Of course, even this assessment is not perfectly true as there are some value-relevant differences between both companies. KBC Ancora has a higher tax shield because of the additional debt financing (positive), but also has a weaker corporate governance position (if you are a shareholder of KBC Ancora you cannot vote directly through to KBC but only indirectly – and at a non-controlling position – meaning you have much less say in KBC) and a worse cash flow access (with a roughly 20% holding KBC Ancora does not have any direct access to the cash flows, it has to wait for the dividends paid, meaning that the shareholders suffer from at least a one-period lag of cash flow access). But these effects are much more stable than the effect from any changes in the insolvency risk due to changes of the enterprise value, meaning that in a dynamic study they only play a minor role.

Based on our theoretical framework we can now make a prediction on how the two stocks should behave relative one to each other. In the upper graph KBC Ancora would represent point A, and KBC would represent point B. The presumed lower Delta of the higher insolvency risk position (equity of KBC Ancora NV) should outperform the lower insolvency risk position (equity of KBC NV) in bad times because then the negative change of KBC Ancora’s equity is lower due to its lower Delta. Similarly, in good times the equity of KBC should outperform KBC Ancora’s equity because then the positive change of KBC Ancora’s equity is lower due to its lower Delta.

Below we provide an overview of relative stock price developments of KBC Ancora and KBC during the time 2007 to 2015. The first important point is here that on average over time KBC Ancora trades at a discount to KBC. This is due to the aforementioned net negative effects of worse corporate governance and cash flow access which clearly overcompensates the tax shield effect. The second important point is that we measure good-times/bad-times in terms of the relationship of KBC Ancora’s Gross Asset Value (i.e. the market value of KBC shares held) and Net Asset Value (i.e. the market value of KBC shares held minus net debt). The higher this ratio, the more relevant is the debt position and hence the worse the situation is.

Looking at the graph, we can see that the observations obviously clearly support our theoretical thinking.
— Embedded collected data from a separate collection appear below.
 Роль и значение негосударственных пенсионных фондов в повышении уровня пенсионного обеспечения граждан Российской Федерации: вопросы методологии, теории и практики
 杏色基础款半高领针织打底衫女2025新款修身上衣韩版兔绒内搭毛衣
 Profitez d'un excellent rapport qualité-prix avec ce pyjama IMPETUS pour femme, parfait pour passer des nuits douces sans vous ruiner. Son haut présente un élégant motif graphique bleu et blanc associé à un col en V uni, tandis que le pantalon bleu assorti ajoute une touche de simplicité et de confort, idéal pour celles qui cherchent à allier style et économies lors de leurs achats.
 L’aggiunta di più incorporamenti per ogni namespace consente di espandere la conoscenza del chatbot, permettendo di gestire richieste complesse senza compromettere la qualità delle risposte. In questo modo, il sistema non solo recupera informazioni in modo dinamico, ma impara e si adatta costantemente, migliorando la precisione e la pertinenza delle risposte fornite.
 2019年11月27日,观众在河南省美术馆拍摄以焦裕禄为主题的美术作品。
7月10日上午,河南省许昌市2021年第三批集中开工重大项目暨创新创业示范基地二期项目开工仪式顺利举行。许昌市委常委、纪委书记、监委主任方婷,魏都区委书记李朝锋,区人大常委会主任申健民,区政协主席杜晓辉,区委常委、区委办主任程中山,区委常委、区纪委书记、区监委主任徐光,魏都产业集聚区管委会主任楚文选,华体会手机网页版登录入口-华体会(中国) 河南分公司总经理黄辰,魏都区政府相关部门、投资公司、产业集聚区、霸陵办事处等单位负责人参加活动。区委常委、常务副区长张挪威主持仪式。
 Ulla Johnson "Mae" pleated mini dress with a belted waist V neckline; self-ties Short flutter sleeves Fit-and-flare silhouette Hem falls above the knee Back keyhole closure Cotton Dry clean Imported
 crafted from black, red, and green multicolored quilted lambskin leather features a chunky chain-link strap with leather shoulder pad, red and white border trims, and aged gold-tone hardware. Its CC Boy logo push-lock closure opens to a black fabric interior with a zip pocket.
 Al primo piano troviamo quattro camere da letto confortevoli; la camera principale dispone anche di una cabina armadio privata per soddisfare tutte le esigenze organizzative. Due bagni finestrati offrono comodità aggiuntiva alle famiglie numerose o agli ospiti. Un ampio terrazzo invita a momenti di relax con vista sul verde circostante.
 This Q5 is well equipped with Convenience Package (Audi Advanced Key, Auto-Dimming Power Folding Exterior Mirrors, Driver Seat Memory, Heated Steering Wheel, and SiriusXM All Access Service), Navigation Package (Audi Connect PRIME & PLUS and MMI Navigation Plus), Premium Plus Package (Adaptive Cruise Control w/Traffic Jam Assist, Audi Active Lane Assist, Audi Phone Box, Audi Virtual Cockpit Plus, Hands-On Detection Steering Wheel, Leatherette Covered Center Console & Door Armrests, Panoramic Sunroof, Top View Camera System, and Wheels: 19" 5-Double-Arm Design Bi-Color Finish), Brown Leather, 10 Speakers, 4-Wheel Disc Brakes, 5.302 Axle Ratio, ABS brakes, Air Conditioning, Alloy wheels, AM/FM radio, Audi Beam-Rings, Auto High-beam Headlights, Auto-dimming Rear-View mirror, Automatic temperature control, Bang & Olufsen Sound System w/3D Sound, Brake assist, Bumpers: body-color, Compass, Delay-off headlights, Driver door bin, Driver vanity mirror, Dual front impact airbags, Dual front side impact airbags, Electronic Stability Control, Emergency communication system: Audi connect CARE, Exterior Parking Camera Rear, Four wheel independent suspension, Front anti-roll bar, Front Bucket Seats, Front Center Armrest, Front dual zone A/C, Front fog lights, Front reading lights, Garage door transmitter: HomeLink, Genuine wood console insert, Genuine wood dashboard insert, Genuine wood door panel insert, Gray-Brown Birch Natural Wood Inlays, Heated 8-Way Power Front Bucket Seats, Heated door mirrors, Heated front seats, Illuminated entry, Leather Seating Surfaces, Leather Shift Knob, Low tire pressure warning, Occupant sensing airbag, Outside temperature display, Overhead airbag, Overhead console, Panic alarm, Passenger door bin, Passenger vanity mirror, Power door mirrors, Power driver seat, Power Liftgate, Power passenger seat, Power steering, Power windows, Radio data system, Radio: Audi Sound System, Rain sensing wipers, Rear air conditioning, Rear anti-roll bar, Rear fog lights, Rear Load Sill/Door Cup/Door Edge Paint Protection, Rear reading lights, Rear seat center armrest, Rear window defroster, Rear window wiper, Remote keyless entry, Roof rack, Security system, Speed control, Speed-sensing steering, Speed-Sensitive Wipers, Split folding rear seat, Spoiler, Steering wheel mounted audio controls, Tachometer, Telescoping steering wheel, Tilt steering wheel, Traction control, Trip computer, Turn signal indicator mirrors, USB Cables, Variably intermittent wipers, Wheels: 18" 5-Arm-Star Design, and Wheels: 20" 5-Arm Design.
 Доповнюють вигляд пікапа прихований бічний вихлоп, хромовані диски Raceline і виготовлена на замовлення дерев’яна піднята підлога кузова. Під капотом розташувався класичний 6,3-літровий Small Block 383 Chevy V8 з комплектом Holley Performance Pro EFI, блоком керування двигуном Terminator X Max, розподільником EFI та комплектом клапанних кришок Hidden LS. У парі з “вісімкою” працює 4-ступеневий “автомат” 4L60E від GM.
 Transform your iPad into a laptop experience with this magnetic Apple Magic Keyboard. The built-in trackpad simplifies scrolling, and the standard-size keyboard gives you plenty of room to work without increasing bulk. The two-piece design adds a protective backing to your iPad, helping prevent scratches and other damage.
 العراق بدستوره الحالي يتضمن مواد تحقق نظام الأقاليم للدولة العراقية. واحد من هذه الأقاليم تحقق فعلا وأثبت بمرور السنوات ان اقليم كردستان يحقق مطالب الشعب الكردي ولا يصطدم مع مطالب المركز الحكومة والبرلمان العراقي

The relative stock developments of KBC Ancora and KBC are very well in line with what we expected. In times of bad general development KBC Ancora’s discount narrows or even turns into a premium (as has been the case during the financial crisis), and in times of good development it is rather KBC which outperforms. This finding clearly emphasises the relevance of thinking in non-linear, option-like terms when valuing distressed equity – not only in theory but also in practice.

But to be fair once again, this development of KBC Ancora and KBC is still quite synthetic. In reality we do not have these largely unblurred comparison possibilities when valuing distressed equity. The option-like effects are often overshadowed by other value relevant developments, such as the already mentioned topics of indirect insolvency costs, technical discounting effects and so on. But the findings from KBC and KBC Ancora at least highlights how important it is to take this non-linearity effect into account a lot – together with other crisis-related valuation aspects – when valuing distressed equity.